== Input for this task ==
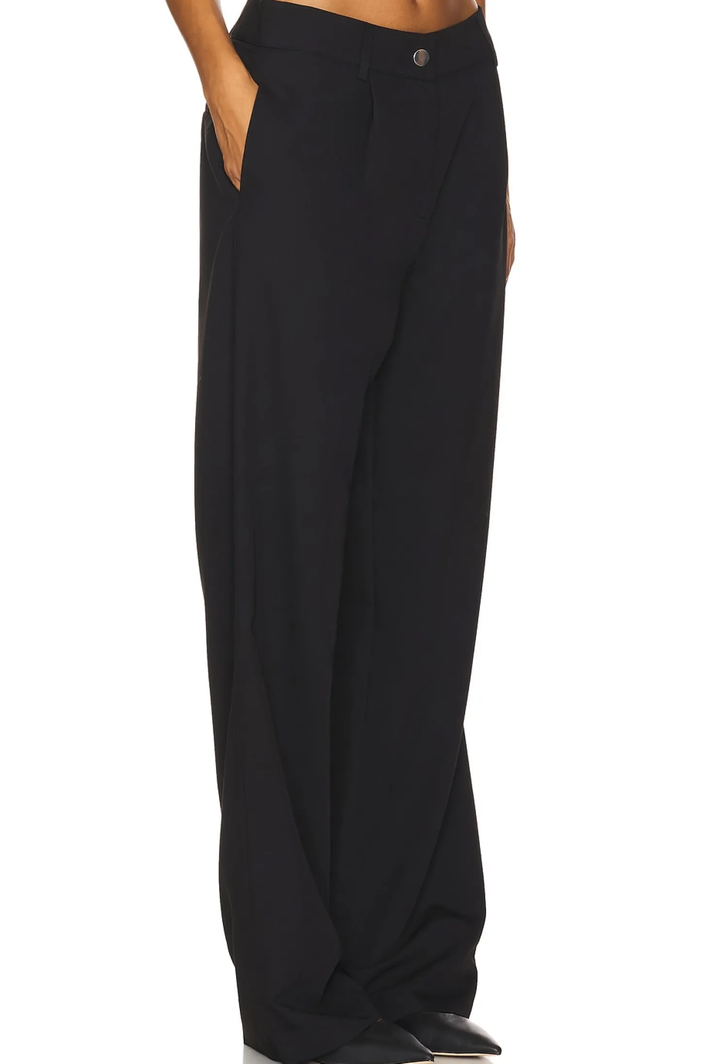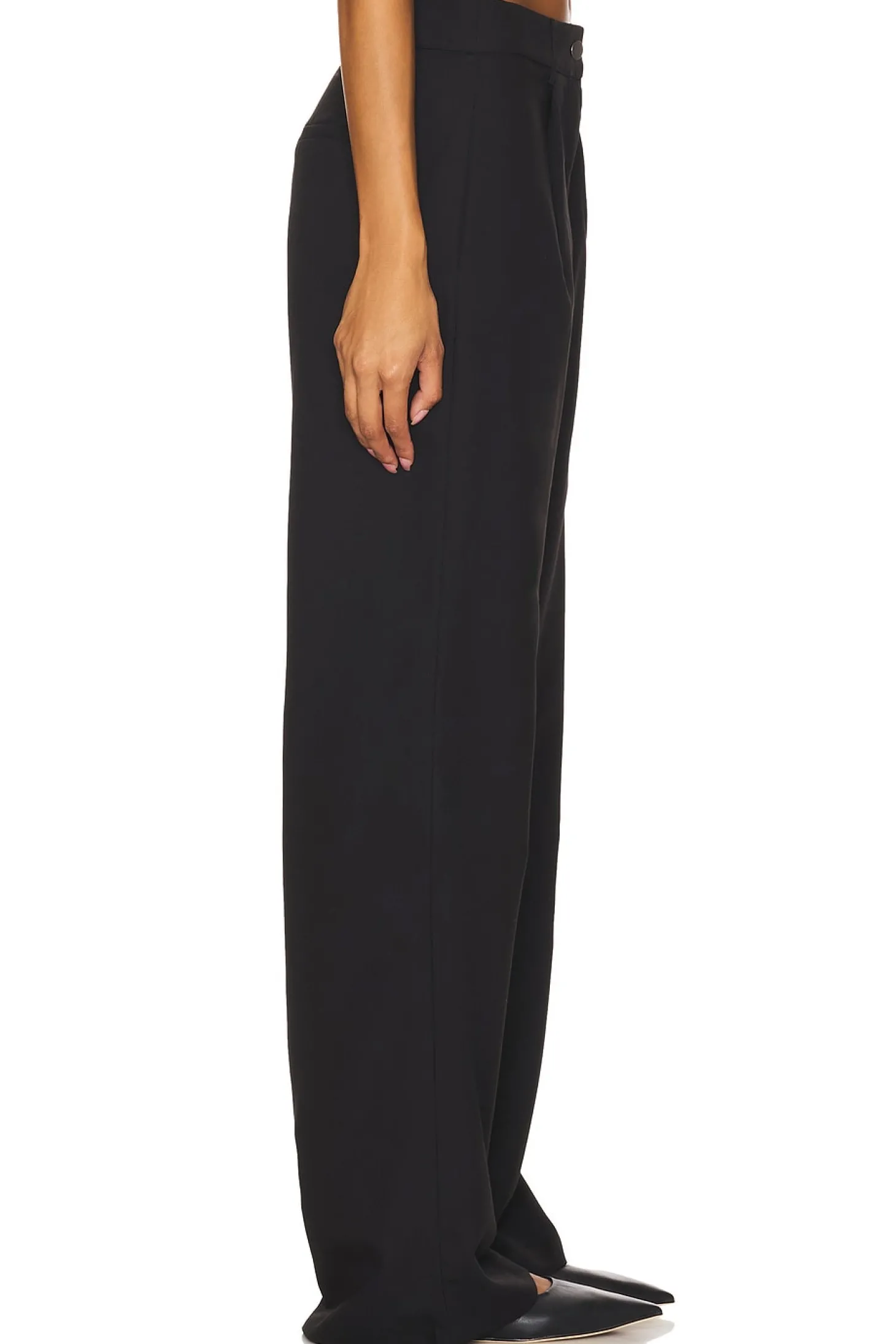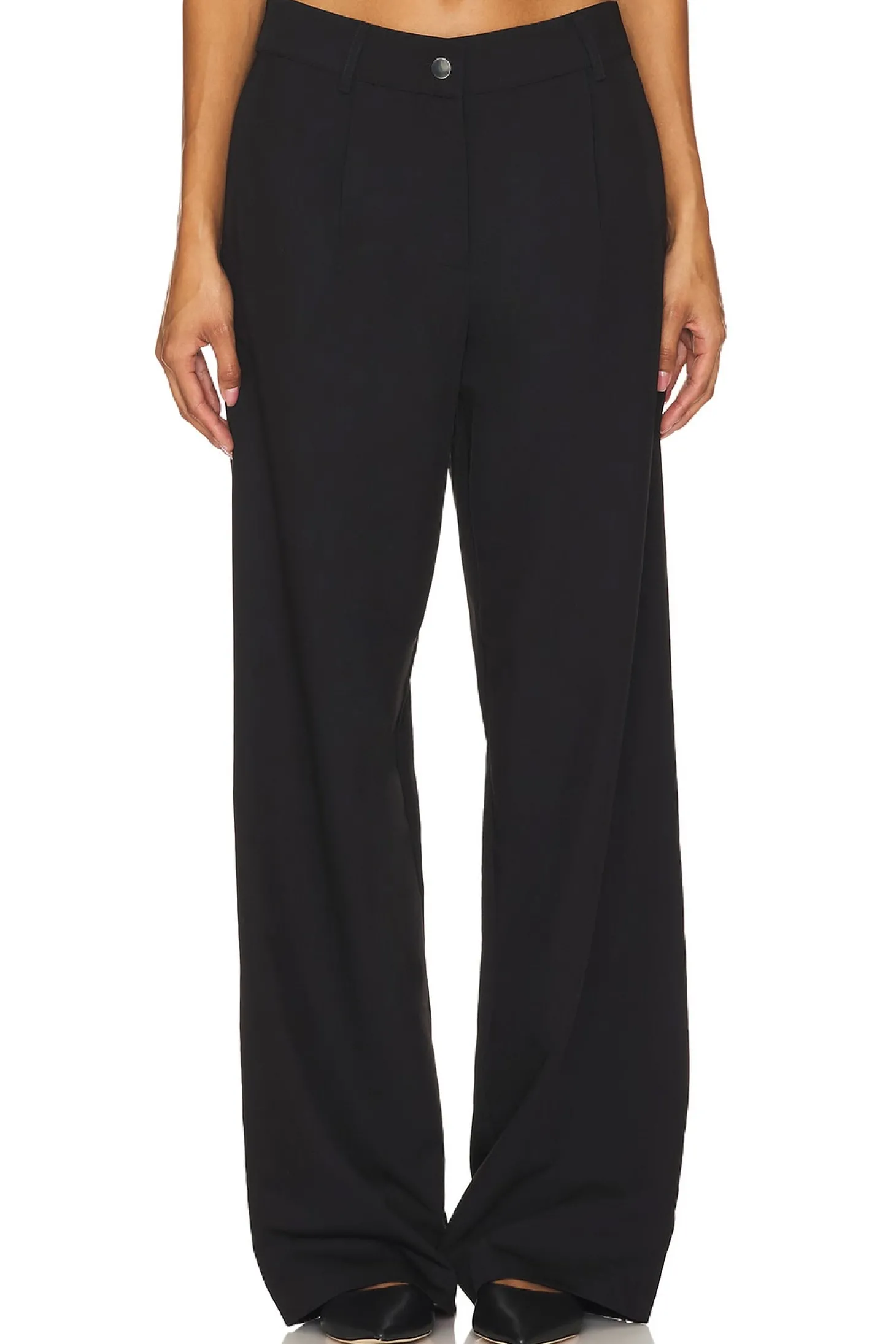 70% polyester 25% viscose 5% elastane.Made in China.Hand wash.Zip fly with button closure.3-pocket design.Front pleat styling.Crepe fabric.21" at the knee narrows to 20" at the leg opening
==
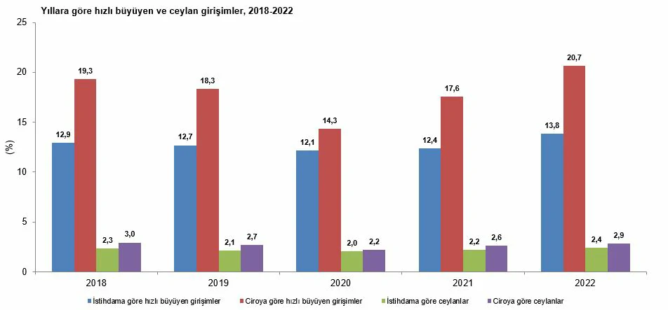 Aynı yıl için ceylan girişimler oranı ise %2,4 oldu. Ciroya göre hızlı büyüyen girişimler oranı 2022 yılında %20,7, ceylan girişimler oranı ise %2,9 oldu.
==
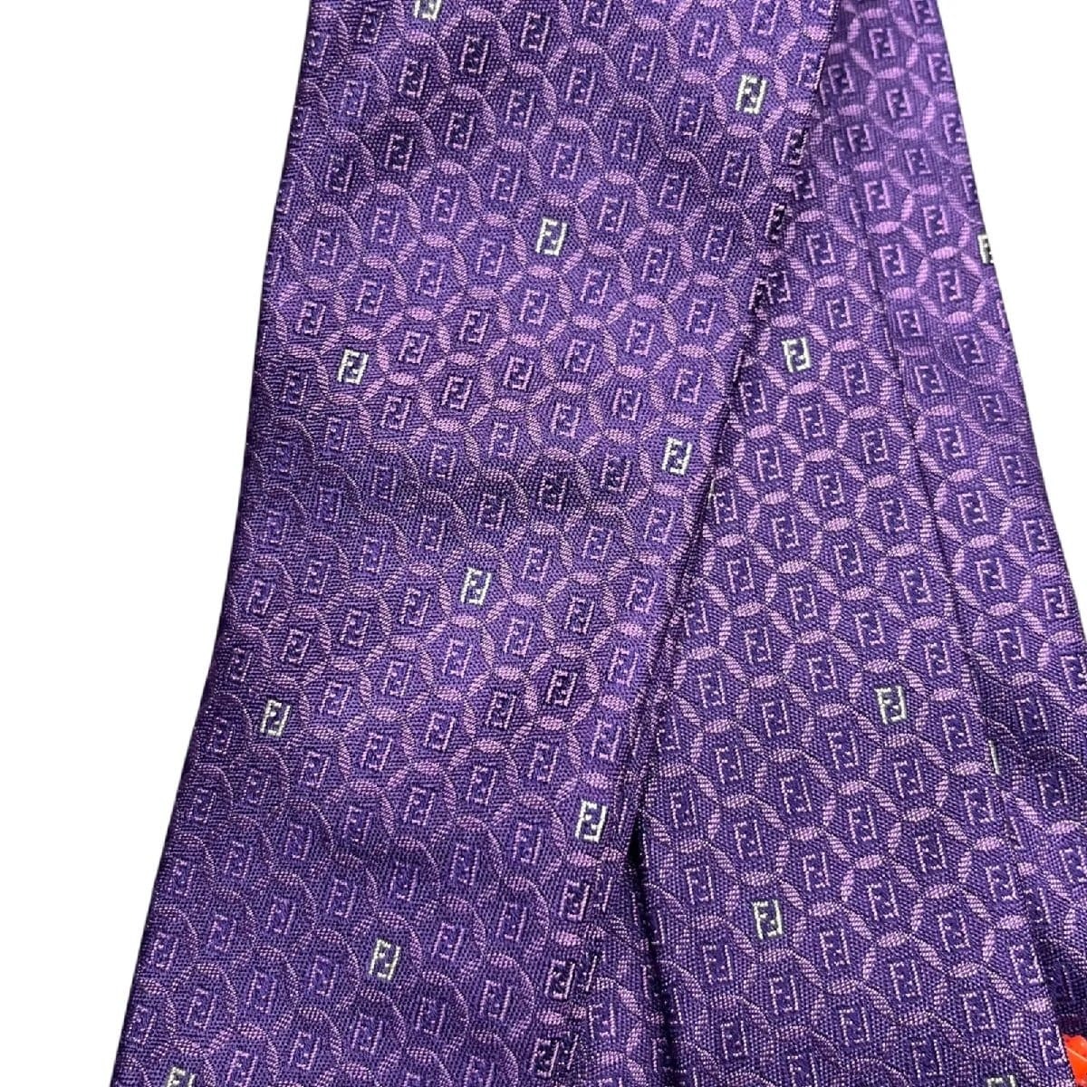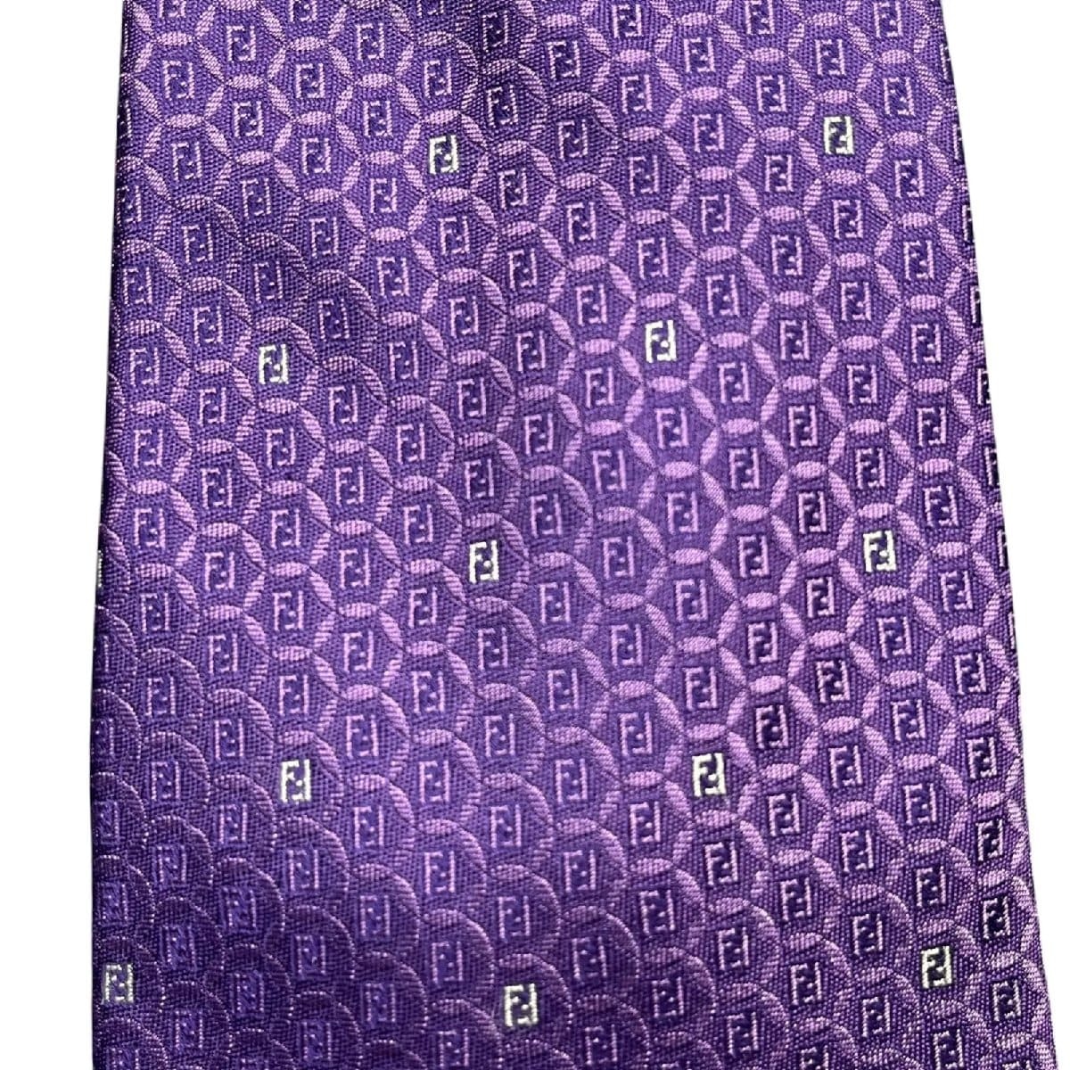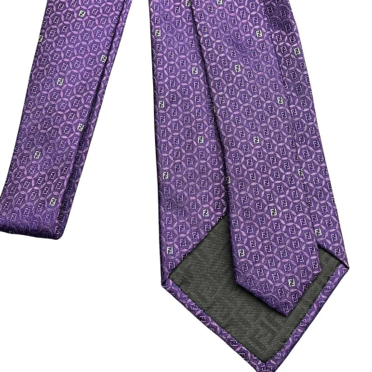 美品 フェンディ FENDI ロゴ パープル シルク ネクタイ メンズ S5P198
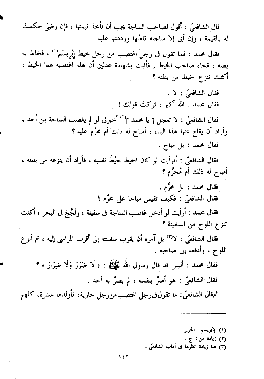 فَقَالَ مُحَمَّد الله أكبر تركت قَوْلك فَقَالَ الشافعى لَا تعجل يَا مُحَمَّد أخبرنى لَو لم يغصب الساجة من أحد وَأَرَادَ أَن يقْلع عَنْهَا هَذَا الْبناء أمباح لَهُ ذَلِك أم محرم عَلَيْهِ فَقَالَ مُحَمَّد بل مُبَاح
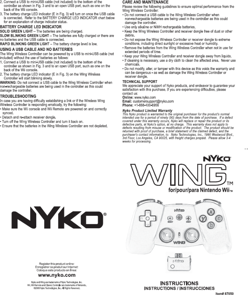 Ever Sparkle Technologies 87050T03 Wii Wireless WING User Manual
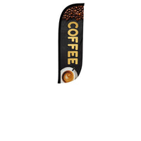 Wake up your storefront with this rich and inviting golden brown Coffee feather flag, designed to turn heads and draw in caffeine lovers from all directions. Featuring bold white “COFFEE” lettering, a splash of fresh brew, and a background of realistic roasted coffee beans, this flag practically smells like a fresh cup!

== Exercise requirements ==
Only the lines of the listing above from the one with "Ever Sparkle Technologies" through the one with "Wake up your" should be output, exactly, with both ends kept and pictures left out.

== Exercise solution ==
 Ever Sparkle Technologies 87050T03 Wii Wireless WING User Manual
 Wake up your storefront with this rich and inviting golden brown Coffee feather flag, designed to turn heads and draw in caffeine lovers from all directions. Featuring bold white “COFFEE” lettering, a splash of fresh brew, and a background of realistic roasted coffee beans, this flag practically smells like a fresh cup!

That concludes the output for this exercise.